[Opening Input for this task section]

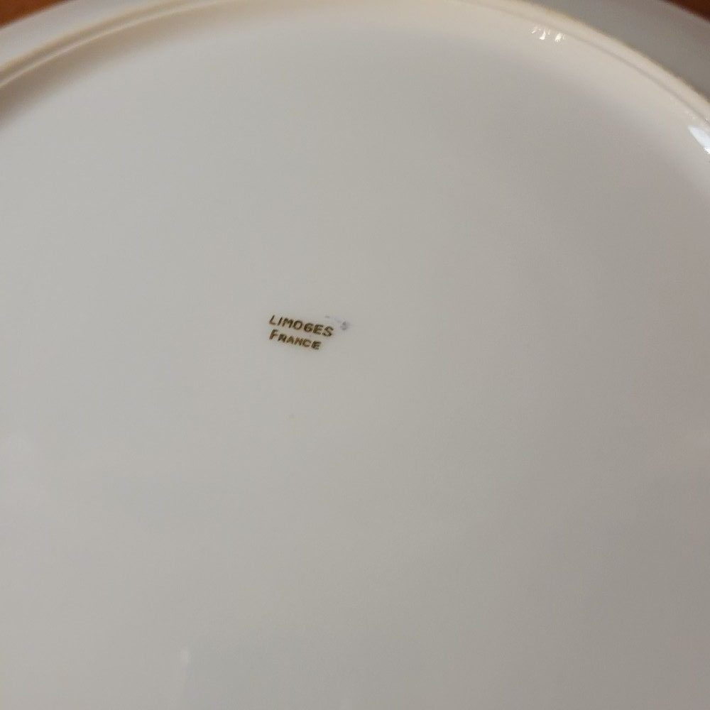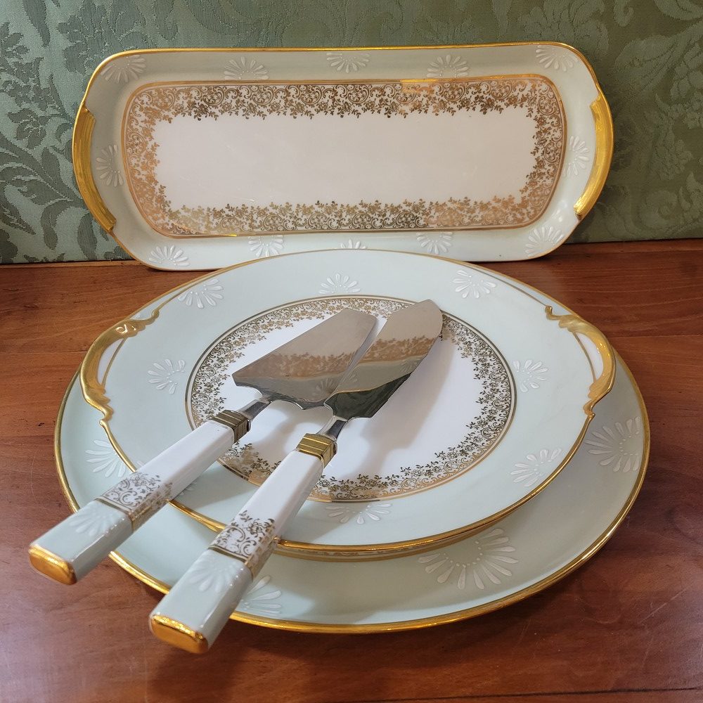 Service à dessert complet en porcelaine de Limoges, comprenant 12 assiettes, 1 plat à tarte, 1 plat à gâteau, 1 plat à cake, 1 couteau à gâteau et 1 pelle à tarte. Marli vert céladon réhaussé de doré et émaillé de fleurs stylisées blanches, typique des années 1950. L’ensemble est en parfait état avec de belles couleurs. (pelle et couteau en inox, très légèrement piqué et rayé)
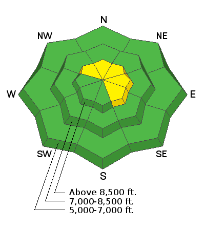 The Tony Grove Snotel at 8400' reports a balmy 35º F and 33"of total snow, containing 87% of average SWE for the date. It's 25º F and southwest winds are humming along in excess of 30 mph this morning at the 9700' CSI Logan Peak weather station, with gusts in the 50s.
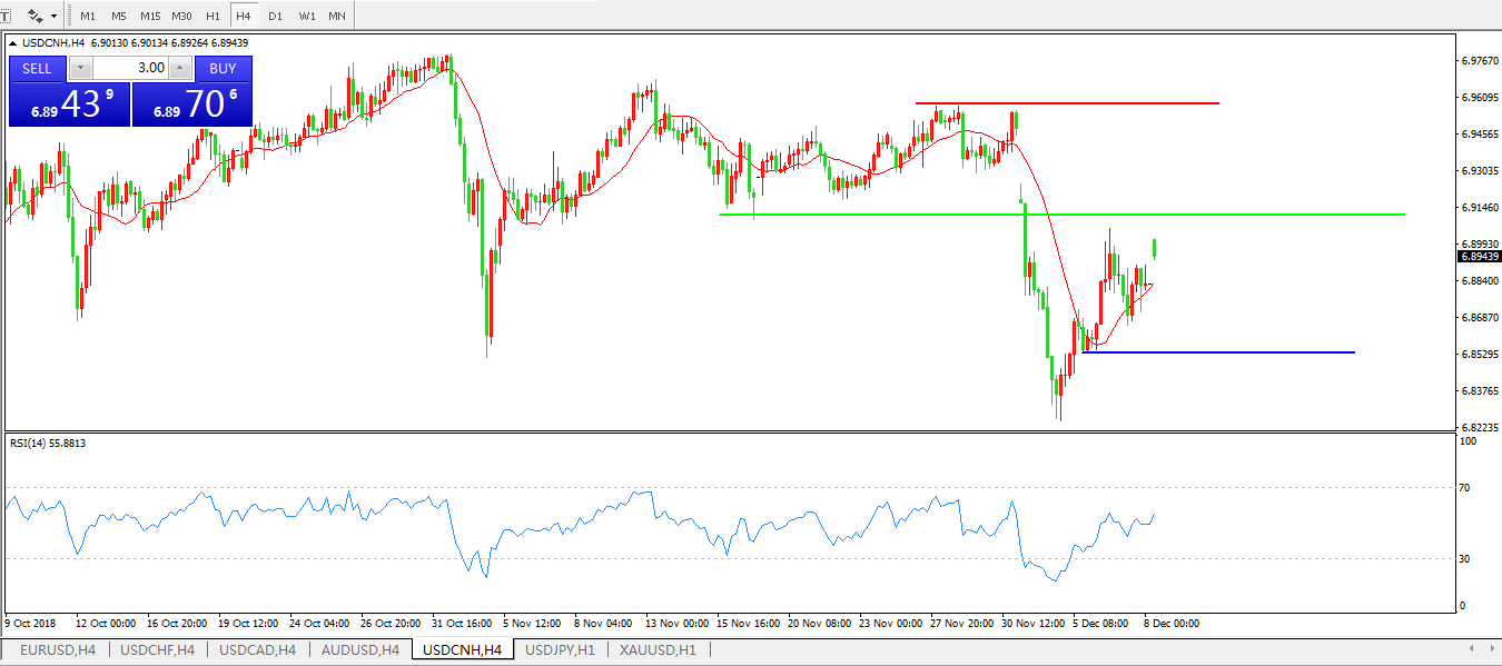 备选策略: 在6.9100之上,看涨,目标价位为6.9300,然后为6.9557。
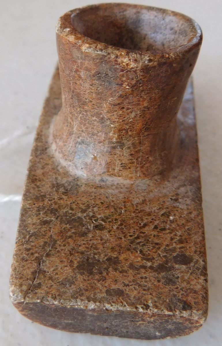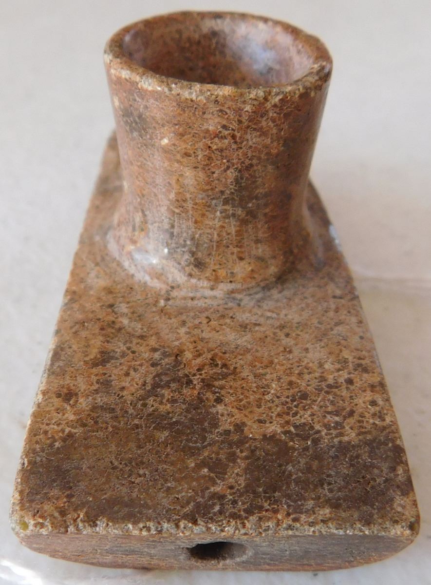 Hopewell Pipe, pre-historic item. Made of hardstone, this item measures 3" x 1.5" x 1". From Ohio. Nice platform pipe. Condition: Good, see images. Shipping: $16.50.
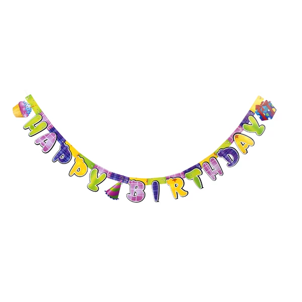 Ezzel a Happy Birthday mintás felirattal minden ünneplővel tudathatod, hogy számodra elérkezett az egész évben várva várt nagy nap! Indulhat a buli! A dekorációt feldobhatod néhány léggömb, lampion-, vagy girland dísszel is.
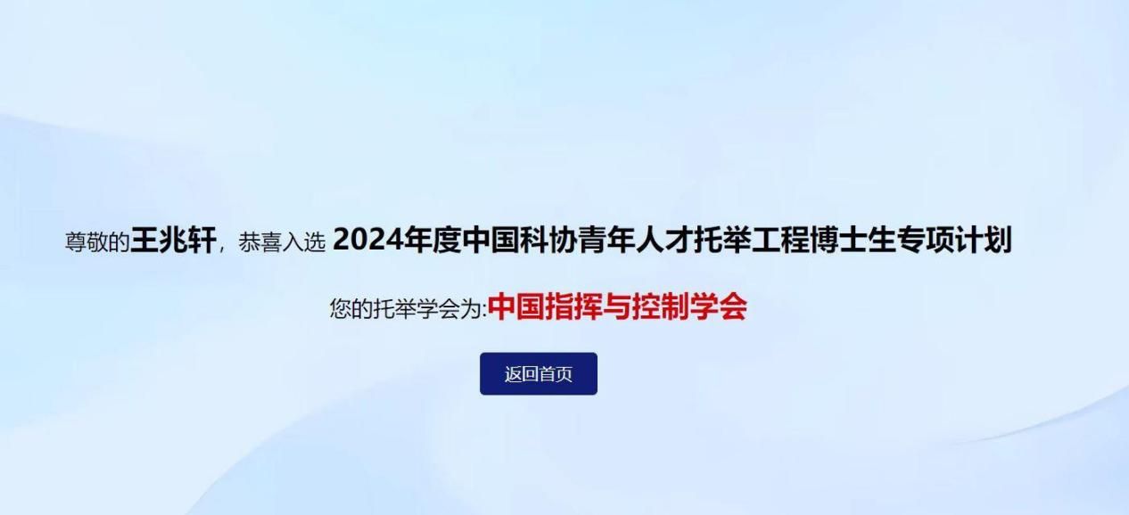 近日,中国科学技术协会公布了中国科协青年人才托举工程博士生专项计划首批入选人员名单,全国入选3226人。William威廉英国官网2020级博士研究生王兆轩入选该项计划,托举学会为中国指挥与控制学会。
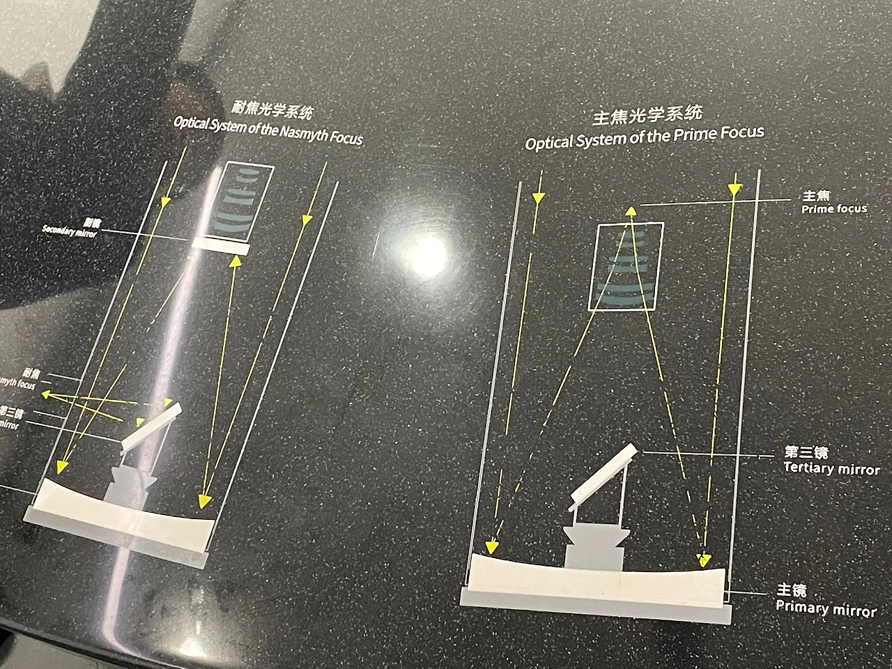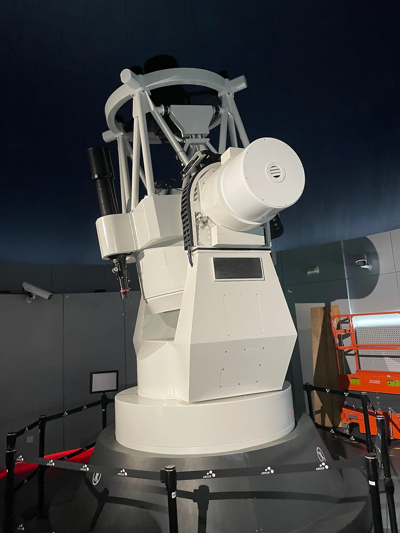야간 관측용 1m 망원경 또한 많은 고려를 한 디자인이 돋보였다. 바로 눈을 대고 관측 가능한 초점 외에도 사진 촬영이 가능한 초점을 따로 두고 있는 점이다. 물론 이런 기능은 우리나라의 몇몇 망원경에에도 구현되어 있는 기능으로, 대표적으로 국립대구과학관 1m 망원경과 국립광주과학관 1.2m 망원경은 사진촬영과 육안관측이 쉽게 전환 가능하다. 위 두 천문대의 망원경과 상하이천문박물관의 1m 망원경의 차이점은. 상하이천문박물관의 망원경의 경우 사진촬영을 위한 카메라를 부경 위치에 두고 있다는 점이다. 이 디자인은 부경을 거치기 전 상태에서 사진촬영용 보정렌즈 광학계를 디자인할 수 있고, 부경의 반사를 거치지 않은 조건이기 때문에 보정렌즈 디자인의 자유도가 다소 높아진다.
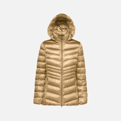 Kurze Damenjacke mit abnehmbarer Kapuze, ideal für die kalten Monate. Zosma ist ein alltagstaugliches Modell mit femininer und taillenbetonender Silhouette, hier in der ansprechenden Farbvariante Sand. Das lässige und zugleich edle Modell ist aus glänzendem Satin gefertigt und weist eine Wattierung aus warmer recycelter Watte EcologicWARM auf.
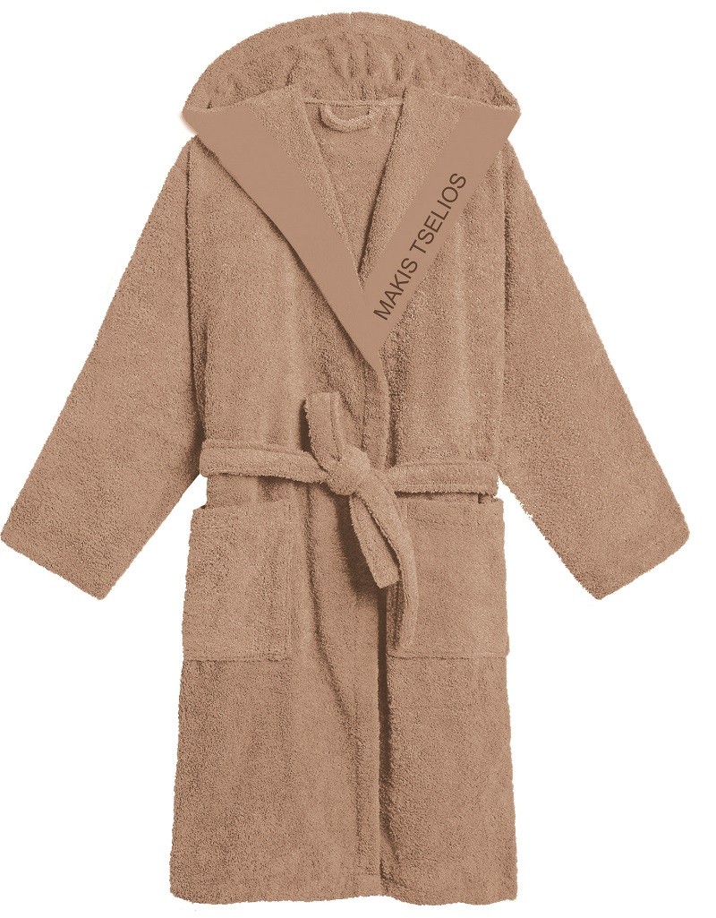 Μπουρνούζι ενηλίκων 100% βαμβακερό με κουκούλα, πλαινές τσέπες και κεντητό λογότυπο σε μόκα χρώμα της σειράς West από την εταιρεία Makis Tselios Home - Μέγεθος: Medium.
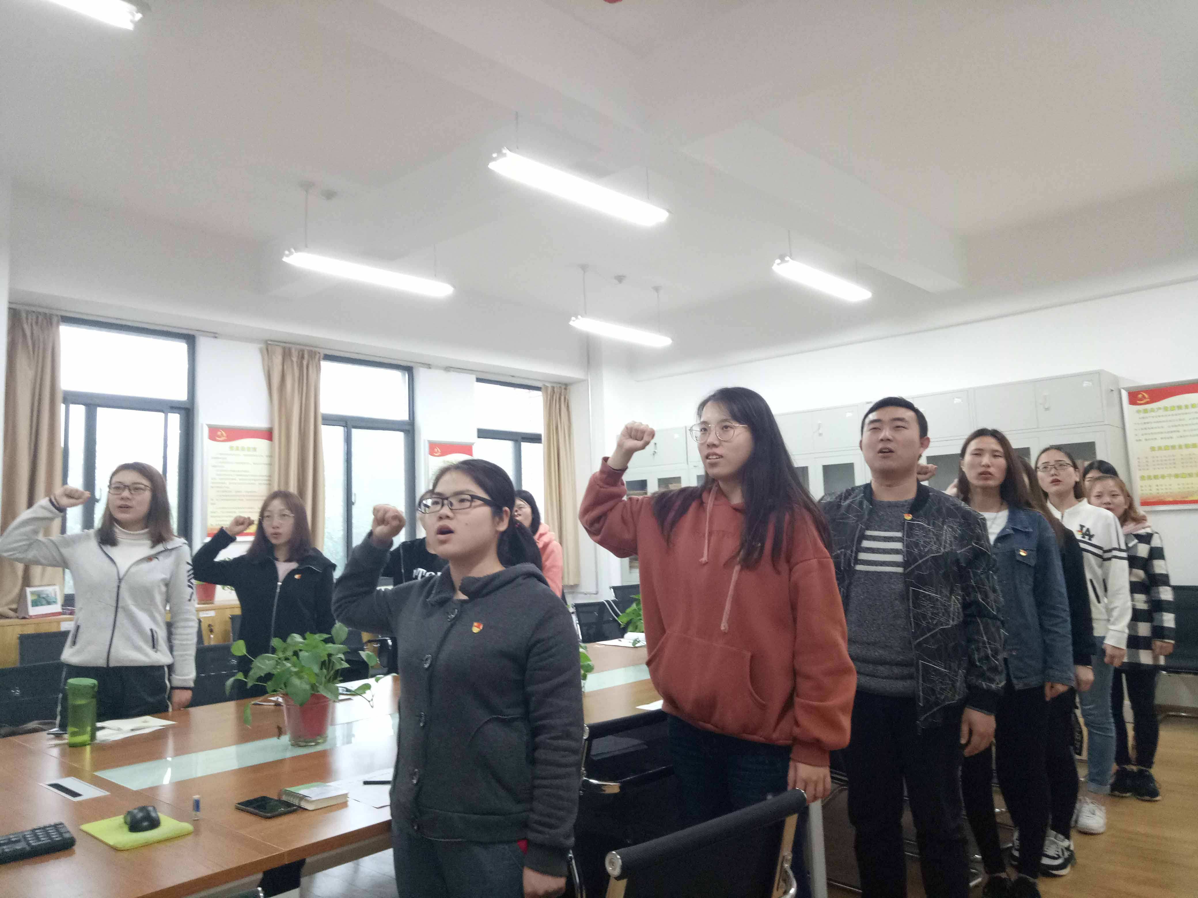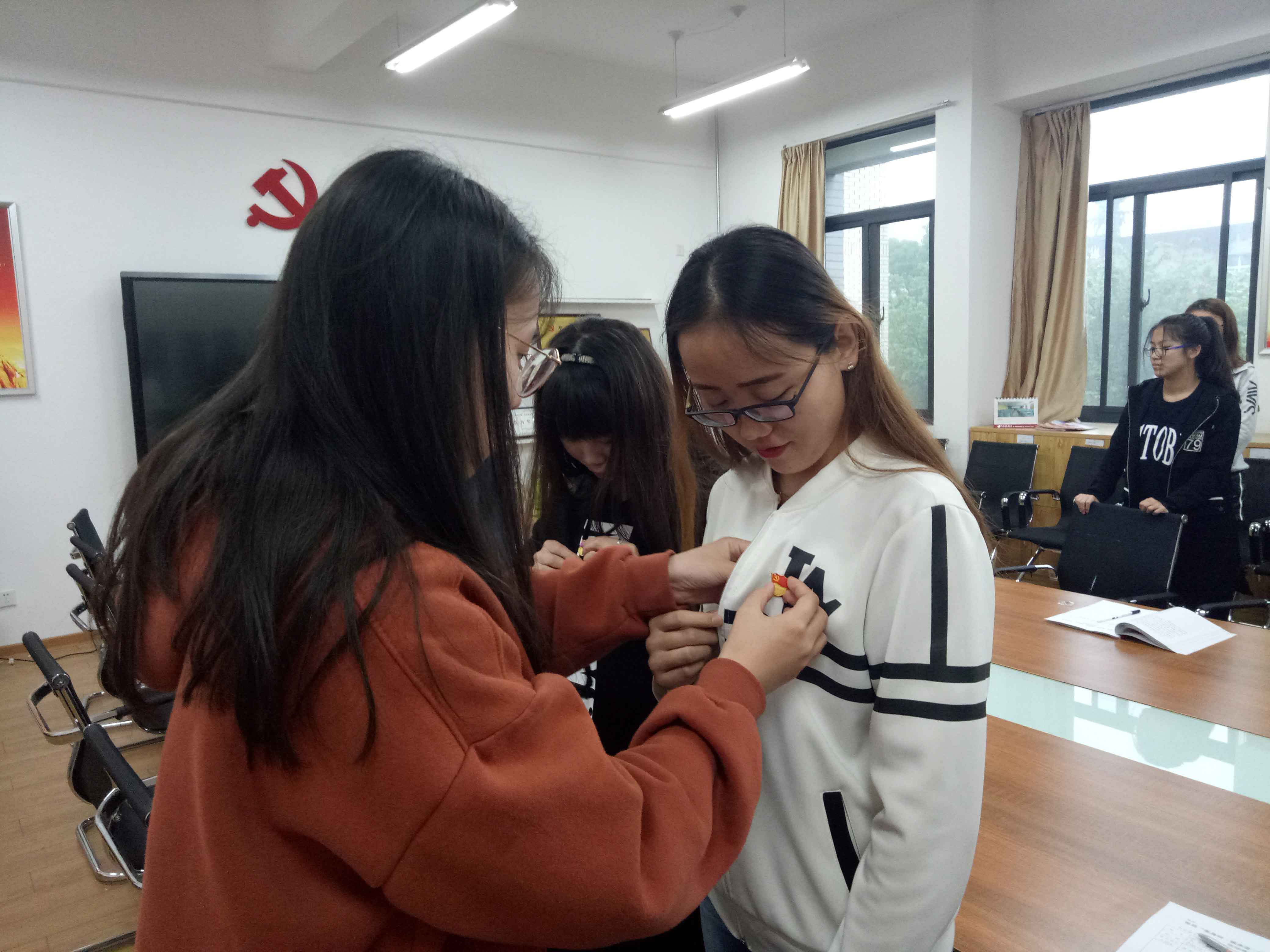 递交承诺书后,贺子婕书记给支部内党员一一佩戴党徽。党徽佩戴完毕后,支部成员全体起立,面向党徽,由贺子婕带领,庄严而认真的宣读入党誓词。
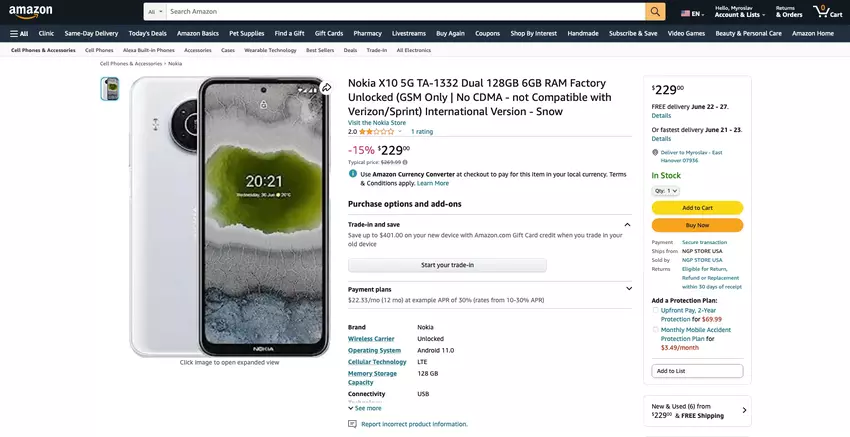 Nokia X10 na Amazon: obsługa 5G, aparat ZEISS i procesor Snapdragon 480 za 40 USD taniej

[Closing Input for this task section]

■ Problem ■
Exactly the lines from the start of the entries above through the line with "Hopewell Pipe, pre-historic" should be reproduced, and nothing else; drop the pictures.

■ Response to this exercise ■
 Service à dessert complet en porcelaine de Limoges, comprenant 12 assiettes, 1 plat à tarte, 1 plat à gâteau, 1 plat à cake, 1 couteau à gâteau et 1 pelle à tarte. Marli vert céladon réhaussé de doré et émaillé de fleurs stylisées blanches, typique des années 1950. L’ensemble est en parfait état avec de belles couleurs. (pelle et couteau en inox, très légèrement piqué et rayé)
 The Tony Grove Snotel at 8400' reports a balmy 35º F and 33"of total snow, containing 87% of average SWE for the date. It's 25º F and southwest winds are humming along in excess of 30 mph this morning at the 9700' CSI Logan Peak weather station, with gusts in the 50s.
 备选策略: 在6.9100之上,看涨,目标价位为6.9300,然后为6.9557。
 Hopewell Pipe, pre-historic item. Made of hardstone, this item measures 3" x 1.5" x 1". From Ohio. Nice platform pipe. Condition: Good, see images. Shipping: $16.50.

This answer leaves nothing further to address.